“My Daughter is the Non-Immigrant at an Immigrant School” Club

Five months after I landed in New York City from the former Soviet Union, I had my first day at the public school across the streets from the projects in which we settled. It was an average school, (although I didn’t know the difference) and it was filled with kids just like me: fellow immigrants. We were Russian, Chinese, Korean, Indian; a quintessential New York City melting pot of culture. I wasn’t interested in the other cultures; I focused on the all-American kids: the Jennifers, Michelles, Matthews, and Davids; the ones I saw on Growing Pains and Who’s the Boss and Facts of Life. This was way before ABC saturated the market with a rainbow of sitcoms to accommodate many cultural demographic.

I was in awe of the “Amerikanskiye” kids, whereas my parents were often quick to point out all their flaws. I was jealous of their PTA-participating moms, their fashionable clothes, their modern lunchboxes, and their in vogue hairstyles.

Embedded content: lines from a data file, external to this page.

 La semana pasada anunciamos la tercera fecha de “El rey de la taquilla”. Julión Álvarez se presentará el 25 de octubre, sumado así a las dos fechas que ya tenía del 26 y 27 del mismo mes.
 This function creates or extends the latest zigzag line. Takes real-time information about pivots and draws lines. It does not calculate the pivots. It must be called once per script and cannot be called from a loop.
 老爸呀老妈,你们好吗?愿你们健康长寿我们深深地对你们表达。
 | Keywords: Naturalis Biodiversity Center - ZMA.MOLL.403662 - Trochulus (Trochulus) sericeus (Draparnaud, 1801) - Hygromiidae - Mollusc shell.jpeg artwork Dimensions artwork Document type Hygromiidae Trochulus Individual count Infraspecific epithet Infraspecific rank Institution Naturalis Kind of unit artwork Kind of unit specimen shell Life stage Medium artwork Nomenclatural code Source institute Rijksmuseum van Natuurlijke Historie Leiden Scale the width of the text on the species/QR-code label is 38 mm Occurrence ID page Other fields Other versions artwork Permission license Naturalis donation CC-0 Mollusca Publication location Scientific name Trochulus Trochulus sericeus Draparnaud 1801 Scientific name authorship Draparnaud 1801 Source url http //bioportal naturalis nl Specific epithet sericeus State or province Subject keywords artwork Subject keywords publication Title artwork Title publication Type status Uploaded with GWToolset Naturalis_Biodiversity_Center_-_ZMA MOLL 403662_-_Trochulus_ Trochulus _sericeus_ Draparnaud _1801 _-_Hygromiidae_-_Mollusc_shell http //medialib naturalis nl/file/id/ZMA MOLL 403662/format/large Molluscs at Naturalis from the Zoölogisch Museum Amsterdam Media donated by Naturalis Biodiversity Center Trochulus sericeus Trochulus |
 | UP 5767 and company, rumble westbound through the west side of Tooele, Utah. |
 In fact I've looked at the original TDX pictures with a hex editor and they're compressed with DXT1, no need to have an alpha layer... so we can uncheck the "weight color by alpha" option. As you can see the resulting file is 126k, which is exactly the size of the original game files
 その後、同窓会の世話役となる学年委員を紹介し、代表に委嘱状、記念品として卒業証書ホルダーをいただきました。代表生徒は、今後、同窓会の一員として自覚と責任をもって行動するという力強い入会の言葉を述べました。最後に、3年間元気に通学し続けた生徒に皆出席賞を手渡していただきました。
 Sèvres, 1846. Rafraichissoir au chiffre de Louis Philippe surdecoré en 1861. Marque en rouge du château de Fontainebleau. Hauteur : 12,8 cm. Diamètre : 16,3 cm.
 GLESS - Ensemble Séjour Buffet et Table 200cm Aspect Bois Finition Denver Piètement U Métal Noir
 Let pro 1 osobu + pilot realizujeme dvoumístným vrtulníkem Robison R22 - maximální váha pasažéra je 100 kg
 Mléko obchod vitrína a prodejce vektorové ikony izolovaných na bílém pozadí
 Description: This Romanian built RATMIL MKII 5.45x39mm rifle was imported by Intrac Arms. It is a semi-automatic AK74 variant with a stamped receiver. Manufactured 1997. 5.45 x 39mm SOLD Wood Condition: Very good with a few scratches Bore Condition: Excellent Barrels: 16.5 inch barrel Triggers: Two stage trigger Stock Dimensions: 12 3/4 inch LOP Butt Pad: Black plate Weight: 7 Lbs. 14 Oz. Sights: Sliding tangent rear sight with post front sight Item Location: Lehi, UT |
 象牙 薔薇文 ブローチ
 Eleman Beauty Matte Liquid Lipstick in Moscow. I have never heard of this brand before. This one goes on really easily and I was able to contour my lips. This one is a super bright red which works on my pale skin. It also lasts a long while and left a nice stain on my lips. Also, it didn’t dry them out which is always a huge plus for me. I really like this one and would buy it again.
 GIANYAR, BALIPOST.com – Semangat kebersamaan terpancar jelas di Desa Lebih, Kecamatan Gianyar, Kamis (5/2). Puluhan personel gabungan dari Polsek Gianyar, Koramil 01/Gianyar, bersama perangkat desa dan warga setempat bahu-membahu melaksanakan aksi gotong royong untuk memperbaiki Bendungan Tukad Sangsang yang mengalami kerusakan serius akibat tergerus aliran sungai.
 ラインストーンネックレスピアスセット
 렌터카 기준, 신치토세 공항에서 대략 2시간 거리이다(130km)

I was only in kindergarten and I already recognized my blatant differences. Aside from a name I would have to repeat a dozen times before they got it, I had toast with cream cheese and tea for breakfast rather than cereal with milk. I would drink my tea out of a “blyoodeechka” (saucer) so it would cool down faster.

Fast forward 35 years and my daughter is off to kindergarten and we live in a neighborhood which is also predominantly immigrants, only the difference is it is one-dimensional: 52% of our community is from Korea. We’ve enjoyed our emersion in their culture, eating Korean tofu soup, kimchi, spicy cucumbers weekly. 75% of my daughter’s class is Korean. She has Korean friends as well as Chinese, Indian, and Arabic friends but at one point, she confessed, “I wish there were more Jewish kids in my school.” While I felt a pang of guilt (not sure why), her comment actually validates my suspicion that most children will eventually go through the rite of passage of feeling like they don’t belong. Hopefully, it’s a transient learning experience.

This year she had a boy join the school who just came here from China. “He doesn’t speak any English,” she explained to me. “Not even one word. He doesn’t understand anything I say, especially ‘NO!’” I had to explain to her how hard and alienating it feels to be an outsider. Over time he’ll blend in and being an immigrant will just be one part of who he is – just like it is one part of who I am – and just another way in which humans connect, identify, and relate to one another. (Immigrant Club.)

I told my daughter about my first day of kindergarten. I didn’t speak any English and was terrified to be left alone without my parents. My grandmother, who at 87 still speaks broken English, was my translator for the day. I clenched the bottom of her dress for dear life, sobbing, begging her not to leave. My daughter laughed at the idea that “Baba Maya,” her great-grandmother, who needs a translator to communicate 98% of everything, would be MY translator. This notion that I was a scared, lonely child helped trigger an intense empathetic reaction.

I wonder how her experience will be different. I look at her and see her as the “cool and nice girl,” the one for whom reading and language and communicating is so easy, such an afterthought. Children have always been drawn to her; making friends comes easily and naturally to her. Her default is to love everybody and be inclusive. I was such a starkly different creature; born pragmatic realistic, full of doubt. My iron feet don’t lift from the ground while she floats on clouds gleefully.

Her exposure to the diverse cultures helps her understand differences and develop tolerance, which she will hopefully carry throughout her life in our global world. I imagine she is gaining an understanding of the idiosyncrasies in communicating with different cultures – with empathy and kindness rather than with ignorance and entitlement – and this will only serve her in life. I don’t want to raise a child who travels to France thinking they’ll speak to her in English.

Additionally, I have the parent perspective. Now I’m the “American” mom, which is baffling and makes me chuckle. At school pick up, I am the minority once again, a blonde in a sea of Koreans. They smile at my face of exclusion and giggle, but it feels polite and superficial and never quantified with anything beyond a smile and “hi.” In an ironic twist of fate, life has made me an outsider for the second generation, only, this time, I know better.